» Problem to solve
Using the data that follows, give again word for word the lines between the one holding "At the point" and the one holding "Garantie à vie", inclusive. Omit the pictures.

» Data for analysis

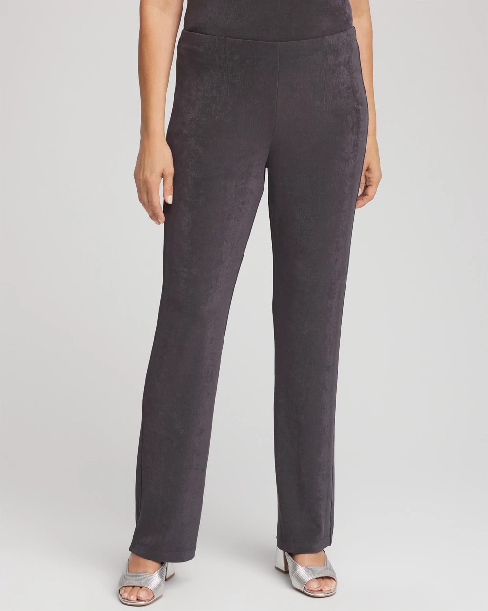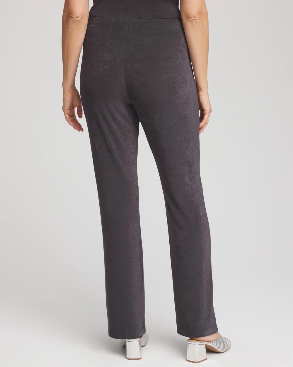 - Straight-leg, clean lined, encased elastic waist with No Tummy design.
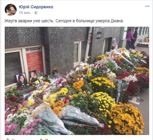 "Жертв аварии уже 6. Сегодня в больнице умерла Диана", — написал Сидоренко.
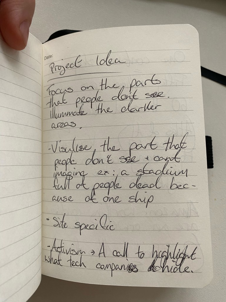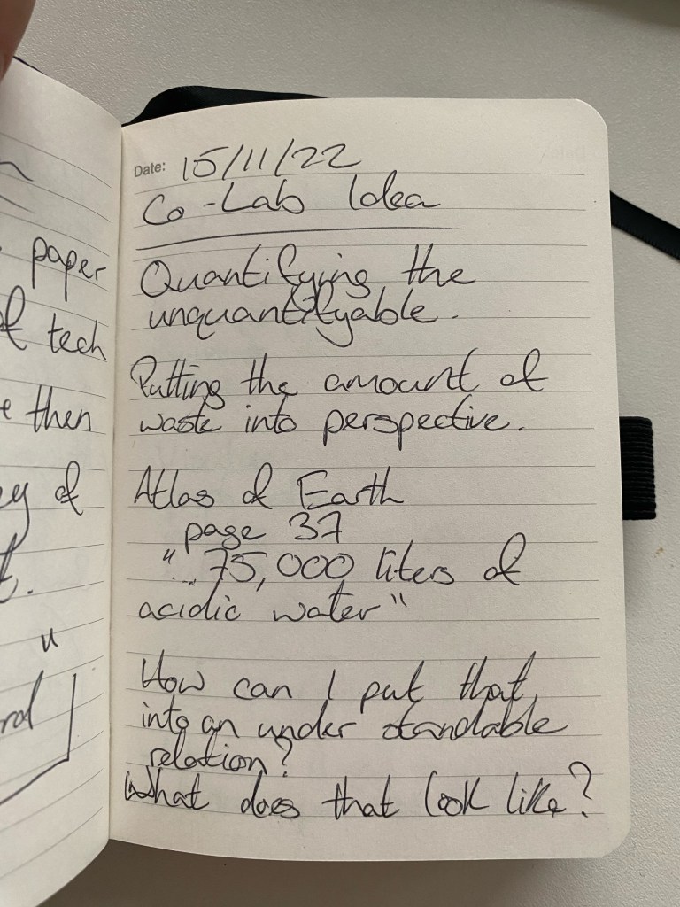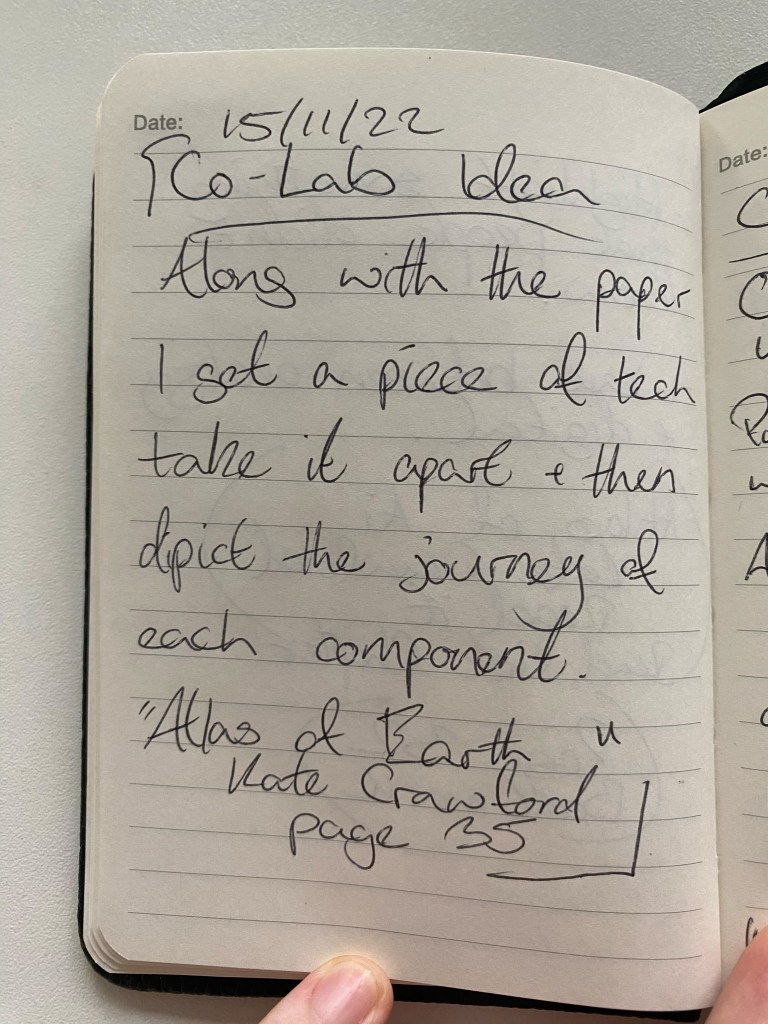 At the point of this note, I was still determining how to explore the relationship between the Anthropocene and my discipline and how I could personalise the tech we use and educate people on the process those materials go through before they get to us.
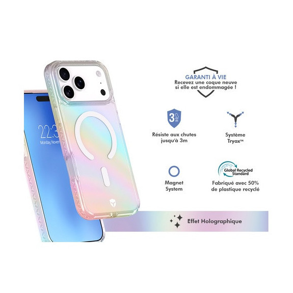 Garantie à vie ! Résistante aux chutes de 3m, la coque Renforcée Air MagSafe Holo de Force Case combine finesse et robustesse grâce à ses technologies exclusives Air Cushion et Tryax. Ses aimants renforcés assurent une fixation optimale sur les accessoires MagSafe.
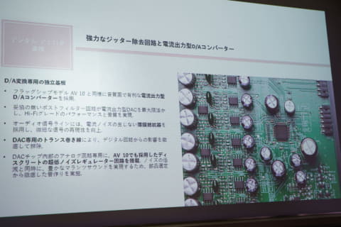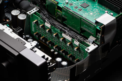 11.4chのデジタル信号処理や音場補正、最大4基のサブウーファーのバスマネージメントなどは、AV 10と同じ最新のデュアルコアDSPを使用。すべてのチャンネルのD/A変換回路は独立した基板とし、外部からの影響を最小としている。パーツの配置や信号経路も最適化している。もちろん、DACチップはAV 10と同じ電流出力型として、8chDACを2個搭載。
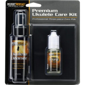 Set of 3 ukulele cleaners, includes Cleaner that helps clean and restore gloss and matte finishes, F-ONE Fretboard Oil that uses natural 100% oils to clean, condition and protect all unfinished fingerboards, also includes a premium high-quality washable 12 x 12 quality lint free, the entire set smells amazing.
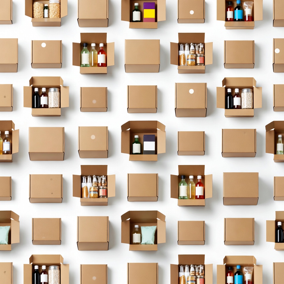 assorted products, bottles, boxes grid, brown boxes, containers, goods, jars, liquids, open boxes, packaging, powders, products, retail packaging, shipping boxes, storage boxes, white background, cardboard boxes

» Exercise response
 At the point of this note, I was still determining how to explore the relationship between the Anthropocene and my discipline and how I could personalise the tech we use and educate people on the process those materials go through before they get to us.
 Garantie à vie ! Résistante aux chutes de 3m, la coque Renforcée Air MagSafe Holo de Force Case combine finesse et robustesse grâce à ses technologies exclusives Air Cushion et Tryax. Ses aimants renforcés assurent une fixation optimale sur les accessoires MagSafe.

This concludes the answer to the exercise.